A bold community plan to convince business to put 2MW of solar on their rooftops

An ambitious community energy initiative in the NSW northern rivers region that aims to put 2MW of solar PV on the rooftops of 100 local business is starting to show results, with 15 businesses so far installing 124kW under the  100 Go Solar banner.
100 go solar100 Go Solar is a non-profit initiative of Vicki Brooke, a remarkable “solar activist” who was involved in the financing of the 45kW solar array and solar charging station at Byron Bay’s Macadamia Castle and other rooftop installations in the area.
Brooke says she was taken aback by how few businesses were looking at the obvious benefits of solar.
“Many businesses have thought about solar but for various reasons it hasn’t been installed,” she says. “My task is to talk to businesses, find the barriers and work with them to solve their problems if they wish.”
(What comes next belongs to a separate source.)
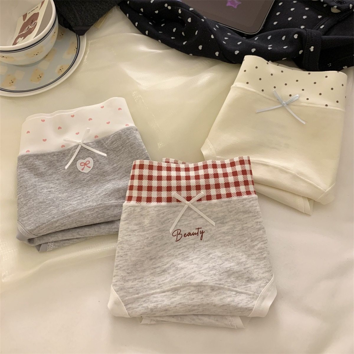 快乐才会幸运~内裤女10A加长纯棉抑菌裆拼接甜美少女中腰三角裤头
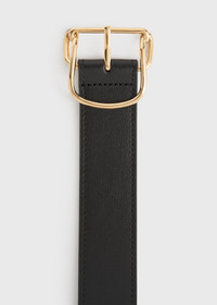New TOTEME belt set with a sculptural buckle inspired by the intertwining shapes of the Swirl jewelry pieces. It is Italian-crafted from Palmellatta leather to a 4cm width devised to complement statement looks. Wear it against light-hued trousers for contrast. Details & Fit - Black - Gold-tone metal buckle - Leather lining - 100% cow leather - Care instructions and dust bag included - Style number 252-WAM0046-LE0025 - Length 70cm/27, 80cm/31 or 90cm/35 (measured from buckle base to middle hole) Width 4cm/1.6"

Brooke works on an entirely voluntary basis, and she and support staff spend their time visiting businesses in the region to talk to them about the opportunities for solar. Basically, is it an education and encouragement program, a “how to” and “why” on commercial rooftop solar.
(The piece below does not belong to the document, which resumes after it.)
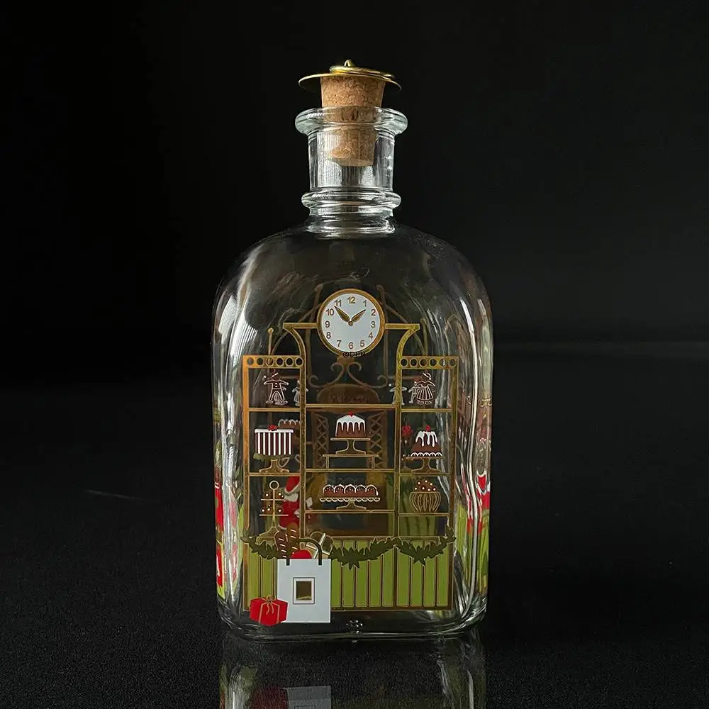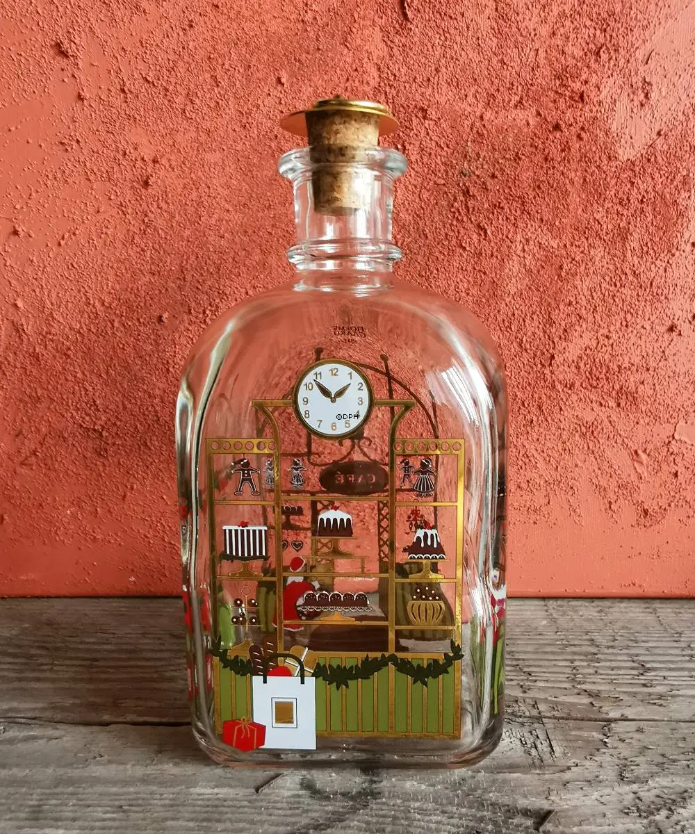 This year, Jette Frölich takes us into the old bakery, which, as tradition dictates, offers welltasting pastries. On one side of the Christmas bottle, we see a girl dressed warmly, on her way into the café for a refreshment after the many Christmas shopping trips. In the beautifully decorated windows, you can spot the many treats that the bakery and confectionery offer. On the other side of the bottle, there’s another window adorned with large, lavish Christmas cakes surrounded by fir garlands and a clock at the top. On one of the narrow sides of the Christmas bottle, there’s a boy gazing enviously at all the delicious bread and cakes in the window. This is also where the traditional date marking for the days leading up to Christmas can be found, so you can enjoy a measured dram every day. On the other narrow side, a girl is seen sitting at a table in the cozy café, enjoying a cup of hot coffee, tea or cocoa.

brunswickOne of the first to install solar under the 100 Go Solar banner was the Brunswick River Inn, which has also installed a Tesla charging station at the same time (see picture right).
“One thing I hadn’t realized when I started 100 Go Solar was the number of businesses who are tenants rather than owner-occupiers,” brooke says.
“I think there could be close to 60 per cent of businesses in Byron Shire who are tenants. So I’ve had to look at the benefits for landlords of installing solar.
“In some cases, the landlord is willing to put solar on for their tenants, as they realize it increases the capital value of their property, with benefits in retaining existing tenants and attracting new tenants when the building or unit is vacant.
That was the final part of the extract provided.